34. If any part of these Terms is or becomes illegal, unenforceable, or invalid, that part or provision is
deemed to be modified to the extent required to remedy the illegality, unenforceability or invalidity.
If a modification is not possible, the part or provision must be treated for all purposes as severed
from these Terms. The remainder of these Terms will be binding on you.

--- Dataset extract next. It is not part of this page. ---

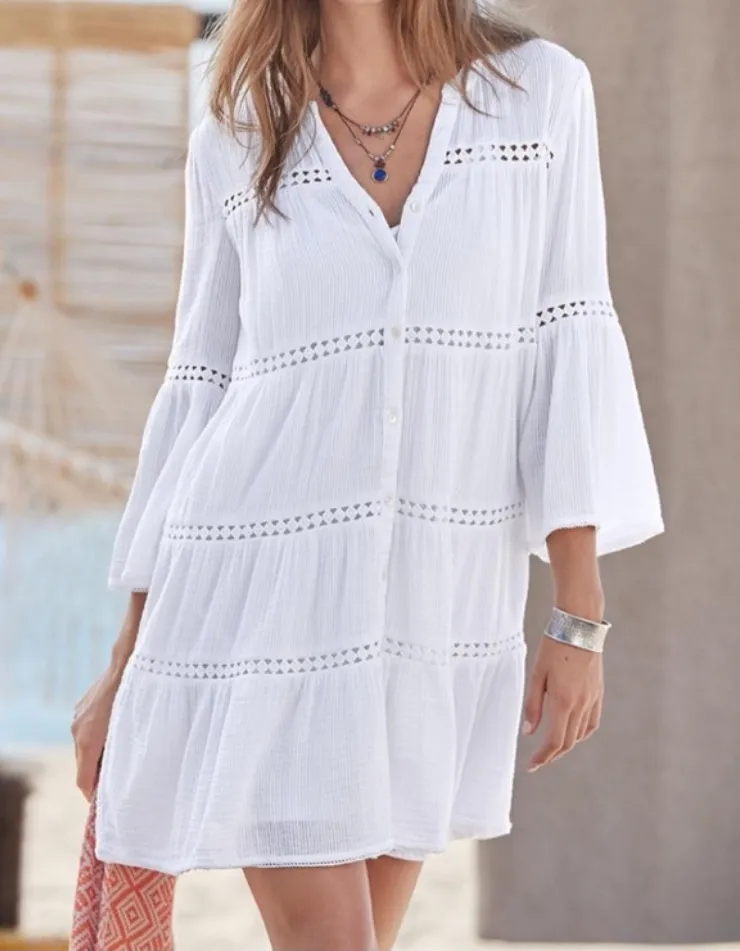 Very good used condition. Has been worn and washed. No flaws. Measurements when laying flat Pit to pit 21” Top hem to bottom (measured from center back neck to bottom) 35” From the resort collection, the Sundance Midori Day Dress is made from 100% breathable cotton. Features textured corded cotton, a tiered silhouette, decorative embroidered trim, 3/4 bell sleeves and a button-front design that’s flattering and easy to wear. Lightweight and airy—perfect for warm weather, travel, or casual everyday wear. Please note that this dress was originally sold with a slip that is not included. Sundance cotton day dress, boho white dress, tiered cotton dress, button front dress, lace trim dress, cottagecore, coastal, casual summer dress, breathable cotton dress, relaxed fit dress, vacation resort wear dress, beach pool swim bathing suit coverup cover up

35. These Terms set out everything agreed by you and us relating to the Products and supersede or
cancel anything discussed, exchanged or agreed prior to the date of the Order. You have not relied
on any representation, warranty or agreement relating to the Products that is not expressly set out in
these Terms, and no such representation, warranty or agreement has any effect from the date of the
Order. Without limiting the previous sentence, you agree that we contract out of sections 9, 12A and
13 of the Fair Trading Act 1986.
36. You may not assign, novate, subcontract or transfer any right or obligation under these Terms
without our prior written consent. We may assign, novate, subcontract or transfer any right or
obligation under these Terms.



37. Where a Guarantor has signed these Terms, the Guarantor agrees to irrevocably and unconditionally
guarantee to us, as principal debtor, the due and punctual payment of all moneys owing to us by the
Customer and the due observance and performance by the Customer of all of the Customer’s
obligations under these Terms. This guarantee will remain in full force and effect until all monies
owing to us by the Customer have been paid.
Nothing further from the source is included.